В свинюшкины спальни проведено отопление.
Скотный селекторско—колледжный двор Макара Дементьевича сплошь замощен деревянным настилом и выскоблен до палубного блеска. Провинившихся свиных учеников и службистов, ненароком и не со зла, а ради шутки нагадивших в парадном дворе, Макар Дементьевич, невзирая на юмор, на ранги и половую принадлежность, наказывает запиранием в гауптвахте. И в дополнение – лишением чесательных льгот.
Живет дедушка Макар практически за счет сдачи на убой тех, и лишь только тех возвышенных животных, кто не прошел экзамен по «Основам спартанского этикета», а также тех, кто купился на простейших «Десяти признаках испорченной аристократии». Первый признак там (извините): «германцы и римляне выпускают газы во время обеда, а в Октоберфест облегчаются по малому под стол».
Надобно ли с сожалением констатировать, что на «пятерку» пока еще никто не сдал? Форменно никто. Зачем тогда их держать? Поэтому в небольшом, но достаточном количестве медные деньги и серебро у полковника водились.
На дедушку месье, кстати, не похож: полковник выглядит гораздо моложе своих пятидесяти пяти лет. Дряхление прекратилось благодаря давней пуле (мы говорили, повторяем для невнимательных), усыпившей каких—то специальных мозговых деятельниц—клеток и отвечавших за упомянутую отрасль старения.
«В люди», а, точнее, в циркачи с придачей небольшого, пошитого индивидуально военного гардероба, выбилась лишь пара наиболее способных и философски настроенных, думающих о своей карьере хорошистов.

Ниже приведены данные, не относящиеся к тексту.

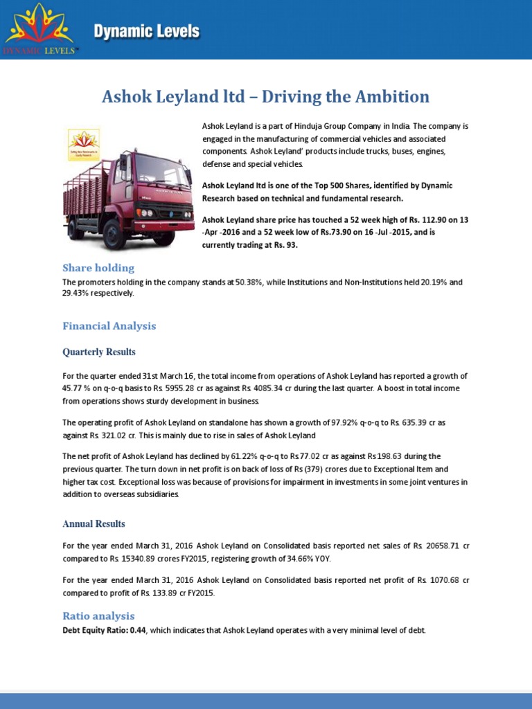 Ashok leyland announced another significant milestone by its subsidiary optare plc. Check out latest updates on ashok leyland ltd news, events, financial statements, intraday chart, share holding and a lot more on indiainfoline. You can find more details by going to one of the sections listed on this page such as historical data, charts. Ashok leyland stock price forecast, 500477 stock price prediction. Shares in ashok leyland are currently priced at ₹112.8.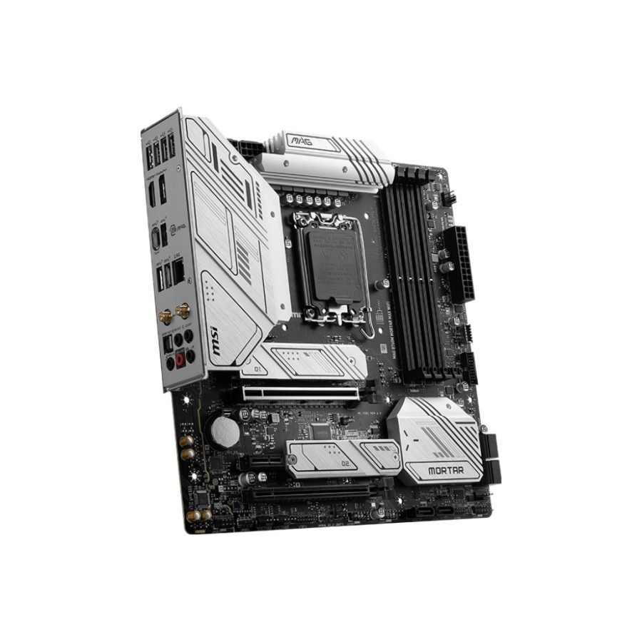 SPECIFICATIONS Model Name : MAG B760M MORTAR MAX WIFI CPU Support : Supports 12th/ 13th Gen Intel Core Processors, Pentium Gold and Celeron Processors CPU Socket : LGA 1700 Chipset : Intel B760 Chipset Expansion Slots : 1x PCIe 5.0 x16 slot, 1x PCIe 4.0 x16 slot, 1x PCIe 3.0 x1 slot Memory Support : 4 DIMMs, Dual Channel DDR5-7000+ (OC) LAN : Realtek RTL8125BG 2.5Gbps LAN Wireless / Bluetooth : Intel Wi-Fi 6E, Bluetooth 5.3 Audio : 8-Channel (7.1) HD Audio with Audio Boost

По причине всех перечисленных странностей соседа—селекционера весьма слабые ароматы Михейшиного производства, несущиеся с чужой лоджии, Фритьоффу не только не страшны, а даже, напротив, по—своему интересны и даже извращенно приятны на запах.
Как—то раз Фритьофф рассказал о своих целях, посетовал на свои крайне медленно растущие естественно—технические достижения, выделив и похвалив при этом некоторых отличившихся чушек за музыкально—танцевальные способности. Затем осведомился на предмет коллективизации научной работы и защиты совместной диссертации. Обещал при удачном стечении подарить соседям свиноматку, одаривающую симпотными розанчиками.
Михейша, уважая научный склад ума и неиссякаемое трудолюбие Макара—Фритьоффа – почти академика данного жанра научных изысканий – сотрудничать в таком ключе наотрез отказался.
– Ну и зря, милостивый государь, – журил полковник, – а ваши—то свиньи совершенно обыкновенны и чахлы, словно солдаты после годовой муштры… в азиатчине. Уж я – то точно знаю азиатскую породу. Плюнь на них, травокурящих, и рассыплются.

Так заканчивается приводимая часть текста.